Thanks for the reply. Yeah I got similar results for my run...you're right, they must be doing some changes.
The only issue I had was the opinion section still not downloading. I know you put in a fix for that a few weeks ago, and the articles in question contain the tag with "article-contents" id, but for some reason it's not working. I tried a few other combinations of tags for the "keep-only" list, but still couldn't get it to work (except by removing keep_only, which puts too much extra stuff in). A sample parse_index function with two articles (one that works, one that doesn't) is below.
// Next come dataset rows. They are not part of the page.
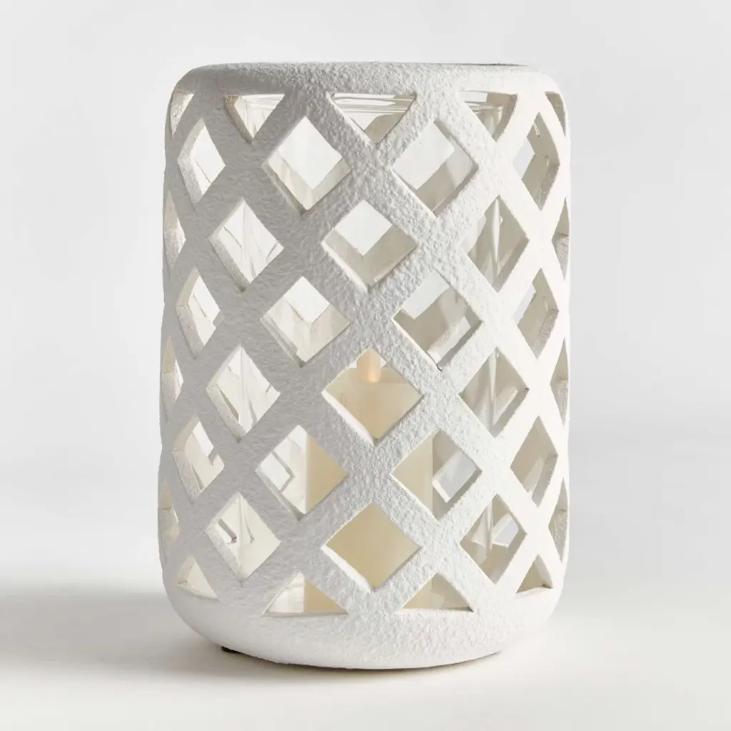 Expertly crafted from hand cut ceramic strips, and finished in a bright white glaze, this hurricane lets all the light shine through. Complete with a glass insert, it is a beautiful way to display a tea light or small pillar candle.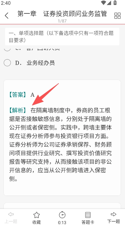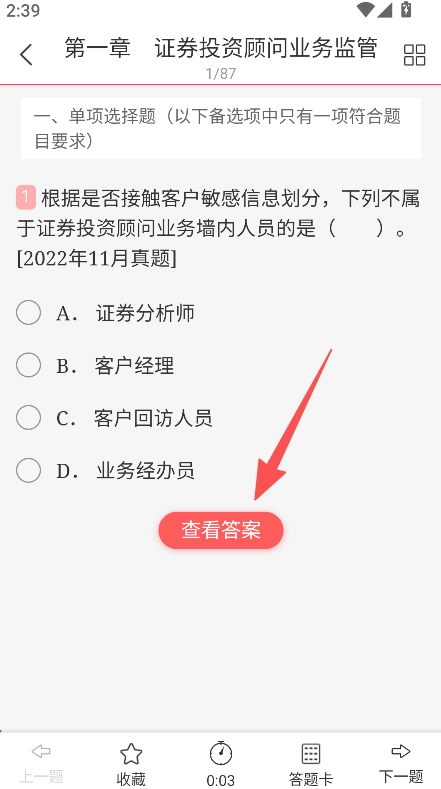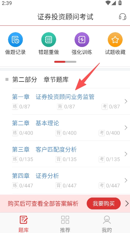 进入章节题库后,挑选证券投资顾问业务监管等相关章节,然后着手做题。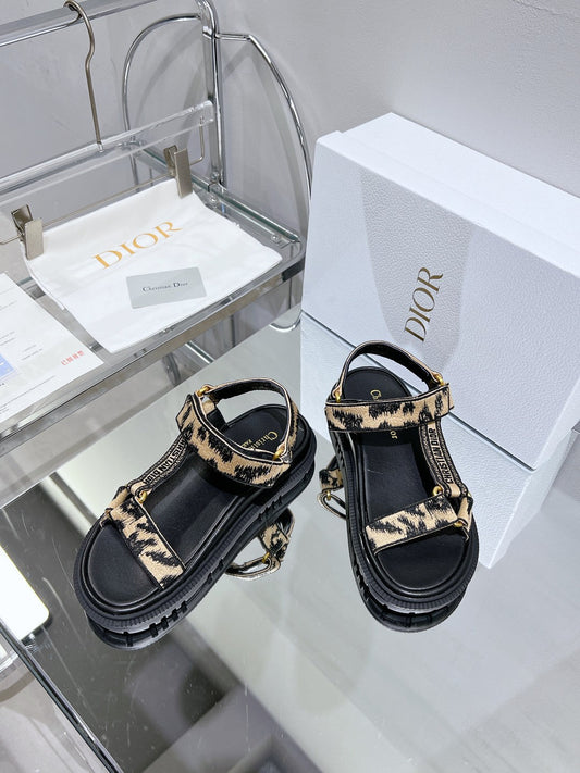 DIOR D-Wave Sandal In Drak Beige Black Cowhide 100765

Do you get similar results?
Code:
def parse_index(self):
feeds = []
articles = []
# will parse
title1 = 'HP Article WSJ'
desc1 = 'about Hewlett Packard'
url1 = 'http://online.wsj.com/articles/hewlett-packard-split-comes-as-more-investors-say-big-isnt-better-1412643100'
articles.append({'title':title1, 'url':url1, 'description':desc1, 'date':''})
# won't parse
title = "Stephens Article in WSJ"
desc = 'china bubble story'
url = 'http://online.wsj.com/articles/bret-stephens-hong-kong-pops-the-china-bubble-1412636585'
articles.append({'title':title, 'url':url, 'description':desc, 'date':''})
for article in articles:
print "title:", article['title']
section = "This Sample Section"
feeds.append((section, articles))
return feeds